Despite these slight differences in the definition of PsP, the current study estimated the rate of radiographic PD within 6 months to be around 42.1% and the rate of clinical PsP of around 38.5% of patients with early PD, which appears consistent with the incidence described in previous, smaller studies by Jefferies et al. [31] and Chaskis et al. [21] Importantly, this incidence is slightly higher than the incidence described by a meta-analysis [32]. Our slightly elevated incidence may be due to the different definitions for PsP. Additionally, the current study suggested that patients with tumors exhibiting MGMT promoter methylation had a significantly higher incidence of “clinical PsP” (17/30, 56.7%) compared with unmethylated tumors (34/104, 32.7%). This high prevalence in MGMT methylated tumors is consistent with the study by Brandes et al. [12], albeit at a significantly lower proportion (21/23, 91%). This can at least partially be explained by differences in definition of PsP. The study by Brandes et al. is based on a more classical, retrospective definition as an immediate progressive enhancement event followed by subsequent stabilization or reduction in tumor size after subsequent observation, whereas the current study defines “clinical PsP” based on the discrepancy between a relatively short PFS and a relatively long post-progression survival. This group of patients is a bit perplexing, as the meta-analysis from Alnahhas et al. [33] (and our observations) suggests patients with early PD are enriched in MGMT unmethylated patients (i.e. short PFS), while “clinical PsP” is more prevalent in MGMT methylated patients (i.e. long OS after chemoradiation).

The impact of tumor location and baseline tumor burden on time to tumor progression and post-progression survival is also worthy of independent investigation. Results from the current study suggest GBM exhibiting “true PD” occurs significantly more frequently in tumors near the right internal capsule, thalamus, lentiform nucleus, and temporal lobe, including areas contiguous with the subventricular zone that are associated with poor outcomes [34,35,36]. Additionally, patients with higher enhancing tumor volume, patients who are older, and patients with lower baseline neurological function also had worse outcome. While the impact of tumor size [25, 37], age [38], and neurological status [37,38,39] are known to impact patient outcomes, entangling the interconnectedness of anatomic tumor location and other comorbidities including tumor size and methylation status on outcomes remains a significant challenge.

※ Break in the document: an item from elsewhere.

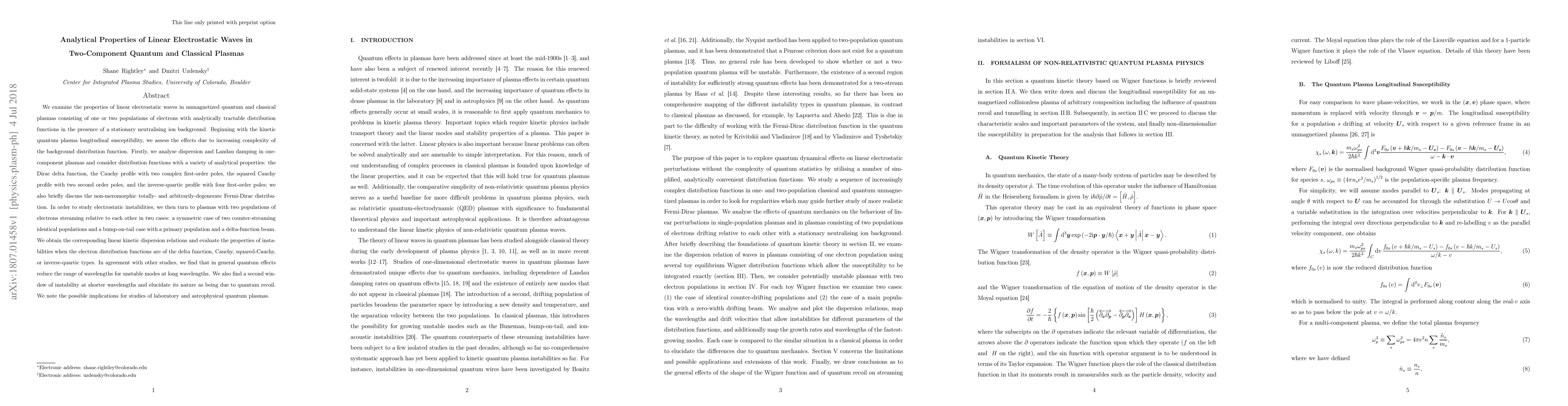 We examine the properties of linear electrostatic waves in unmagnetized quantum and classical plasmas consisting of one or two populations of electrons with analytically tractable distribution functions in the presence of a stationary neutralising ion background. Beginning with the kinetic quantum plasma longitudinal susceptibility, we assess the effects due to increasing complexity of the background distribution function. Firstly, we analyse dispersion and Landau damping in one-component plasmas and consider distribution functions with a variety of analytical properties: the Dirac delta function, the Cauchy profile with two complex first-order poles, the squared Cauchy profile with two second order poles, and the inverse-quartic profile with four first-order poles; we also briefly discuss the non-meromorphic totally- and arbitrarily-degenerate Fermi-Dirac distribution. In order to study electrostatic instabilities, we then turn to plasmas with two populations of electrons streaming relative to each other in two cases: a symmetric case of two counter-streaming identical populations and a bump-on-tail case with a primary population and a delta-function beam. We obtain the corresponding linear kinetic dispersion relations and evaluate the properties of instabilities when the electron distribution functions are of the delta function, Cauchy, squared-Cauchy, or inverse-quartic types. In agreement with other studies, we find that in general quantum effects reduce the range of wavelengths for unstable modes at long wavelengths. We also find a second window of instability at shorter wavelengths and elucidate its nature as being due to quantum recoil. We note the possible implications for studies of laboratory and astrophysical quantum plasmas.

A promising technique for trying to differentiate treatment-related effects from tumor progression is radiomics–or the method of extracting image features from medical images [40]. Results from the current study suggest that a pure radiomic analysis of anatomic MR images at the time of progressive enhancement, within 6 months of starting chemoradiation, results in a 70.6% accuracy of predicting whether they will have a post-progression survival longer than 12 months. Importantly, patients who experienced “true PD” showed a strong correlation between PFS and OS (Fig. 2D), supporting the hypothesis that time to progression is related to overall patient survival in GBM. One of the possible causes for an unsatisfactory accuracy by radiomic analysis is that the MRI acquisition protocols were not standardized across the participating institutions [23], although this may be actually ideal for developing a universally applicable radiomic model. The current radiomic model may benefit from sophisticated algorithms for post-acquisition harmonization of images and radiomic features [41]. Additionally, incorporation of diffusion and perfusion MRI into the radiomics model may improve differentiation of clinical PsP and true PD [42]; however, this information was not collected in the current trial.

Conclusions

The current study examined the control arm of the AVAglio trial to try and identify clinical, molecular, and conventional MRI features associated with “clinically-defined” PsP, or patients exhibiting a short progression-free survival (PFS < 6mo) and a long residual overall survival after progression (ROS > 12mo). Results suggest a combination of well-described characteristics including tumor size, location, MGMT status, age, and KPS score can identify newly diagnosed GBM patients at risk for true tumor progression.